Eine Versicherung für alle? Das ist nicht die Vorstellung von Dr. Grützner, um die Altenhilfe zukunftsfest zu machen. Neben Grundleistungen könne es auch Aufbauleistungen und Rahmenleistungen geben. Diametral anderer Ansicht ist Heselhaus für die SPD: „Das Nebeneinander von gesetzlicher und privater Kranken- und Pflegeversicherung muss aufgelöst werden.“ Pflegende Angehörige gelte es stärker auch finanziell zu entlasten, analog zum Elterngeld. „Eine Pflegeversicherung ist nicht unser Konzept“, entgegnete Dr. Nacke für die CDU. Zunächst müssten einmal die versicherungsfremden Leistungen herausgenommen werden. Lohnersatz für Familien kann er sich wie die SPD auchvorstellen. Rietenberg strebt für die Grünen eine Bürgerversicherung an und favorisiert Lösungen im Quartier, um pflegebedürftige Menschen möglichst lange in ihrer gewohnten Umgebung versorgen zu können.

Ab 2026 gilt der Rechtsanspruch auf Ganztagsbetreuung an Grundschulen.

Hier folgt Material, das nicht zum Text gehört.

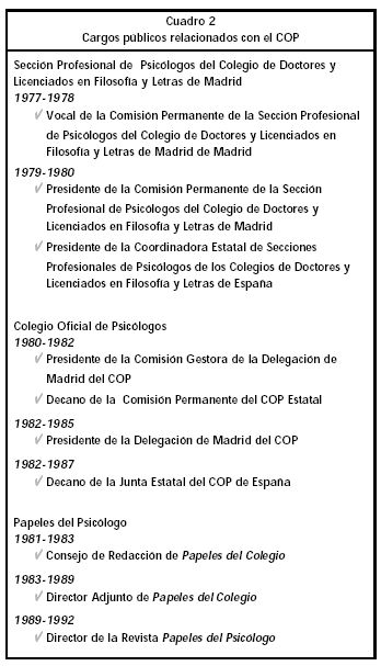 Su compromiso político y personal, su rápida inserción profesional como psicólogo en el SEREM10 e incluso su aspecto de seriedad personal le llevaron a ocupar diferentes cargos de responsabilidad en la incipiente organización profesional de los psicólogos. (Cuadro 2)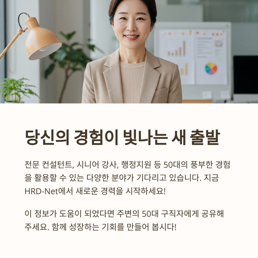 HRD-Net에서는 연령대별 취업 유망 직종 정보도 제공하고 있어요. 50대에게 특히 유망한 직종으로는 전문 컨설턴트, 시니어 강사, 행정 지원 등이 있습니다.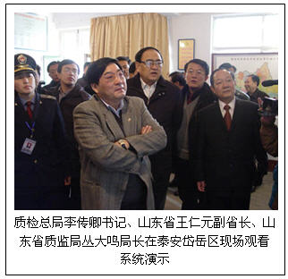 系統(tǒng)自05年4月正式啟動,在系統(tǒng)整個發(fā)展過程中,受到了質(zhì)檢總局李傳卿書記及食品司、監(jiān)督司等各級領(lǐng)導(dǎo)的廣泛關(guān)注。其中,質(zhì)檢總局李傳卿書記于05年12月親自到系統(tǒng)的試點(diǎn)單位泰安岱岳區(qū)提取了系統(tǒng)匯報(bào)并觀看了演示;此后,廣東、廣西、黑龍江、湖北等十幾個省市多次前來參觀學(xué)習(xí),接待次數(shù)達(dá)百余次。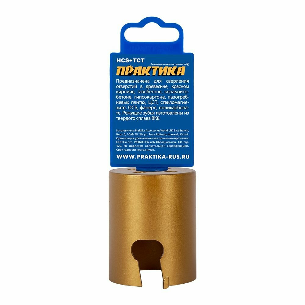| Дополнительная информация | Держатель коронки универсальной ПРАКТИКА 32-152мм со сверлом |

Wie dieser Spagat zwischen Betreuungsversprechen und qualitativem Bildungsanspruch denn gelingen könne, wollte Pia Stapel wissen. „Wir warten in den Kommunen händeringend darauf, wie sich die Landesregierung die Ausführung vorstellt“, berichtete Dr. Grützner für die FDP. Heselhaus meinte: „Wir müssen jetzt anfangen. Hamburg hat dies getan und ist auf einem guten Weg.“ Sie machte eine schwierige Gemengelage zwischen Bund und den Ländern aus. „Jeder weiß, dass das Gesetz nicht 2026 vollständig umgesetzt werden kann, aber wir sollten an dem Ziel festhalten“, betonte Dr. Nacke. Rietenberg sah dieGefahr, dass der Sozialstaat verfällt. „Wir müssen entscheiden, wofür wir Geld ausgeben wollen.“

Zur Integration von zugewanderten Menschen setzt der FDP-Vertreter ganz auf Arbeit. „Wir müssen es den Menschen viel leichter machen, erwerbstätig zu sein.“ Heselhaus machte darauf aufmerksam, dass bei den Integrationsleistungen nicht gekürzt worden sei. Dr. Nacke formulierte auch Erwartungen, die die Gesellschaft an Menschen mit Migrationsgeschichte stellen könne. Integrieren könne nicht der Staat. „Gemeinschaften, Vereine und Verbände sind hier enorm wichtig.“ Rietenberg machte im beschlossenen Fachkräftezuwanderungsgesetz „einen Schritt in die richtige Richtung aus. Wir brauchen die Menschen und müssen in sie investieren.“

In der abschließenden Publikumsdiskussion ging es vor allem darum, wie Gemeinsamkeiten gestärkt und Zusammenhalt gefördert werden können. Sebastian Koppers, Vorstand der Caritas Münster, leitete mit dem Gedanken aus, dass es in einer Demokratie keine einfachen Antworten auf komplexe Fragen gebe und nahm damit den roten Faden der Demokratie-Kampagne wieder auf. Zum sozialen Frieden könne nicht nur die Politik, sondern müssten alle ihren Beitrag leisten.